SRL Applications part2: SRL for (open) information extraction

3 min readMay 23, 2017

this part is mainly for how SRL applies to (open) information extraction.

The most related works I can find over research papers/projects are the work came out of Professor Oren Etzioni’s group from university of Washington( then Allen institute for artificial intelligence) on open information extraction(reference 2,3,4) .

Here we want to focus on:

SRL -> openIE -> openIE applications (another video link)

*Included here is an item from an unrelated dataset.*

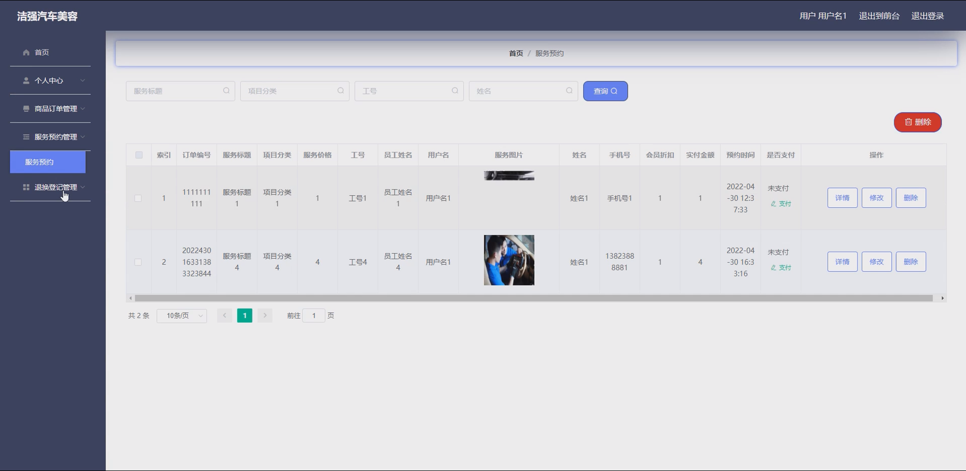 一套功能完善、运行稳定的SSM洁强汽车美容管理系统,能够实现用户、员工、商品、服务项目、会员等级、服务预约等模块的一体化管理。

The above part can be further divided into:

SRL -> openIE
openIE’s applications

SRL -> openIE

openIE

Open IE systems make a single (or constant number of) pass(es) over a corpus and extract a large number of relational tuples (Arg1, Pred, Arg2) without requiring any relation-specific training data.

vs google knowledge graph

the key difference is openIE can get facts about anything and don’t have to tell the computer to do it ahead of time. In other words, google’s knowledge graph has a targeted relationships to be extracted.

SRL->openIE

verbs and their semantically labeled arguments almost always correspond to Open IE relations and arguments respectively (SRL computes more information than Open IE requires)
ignore part of the semantic in- formation (such as distinctions between various Ai’s) . This leads to possibility that: an incorrectly labeled SRL extraction could convert to a correct Open IE extraction, if the arguments were correctly identified but assigned incorrect semantic roles.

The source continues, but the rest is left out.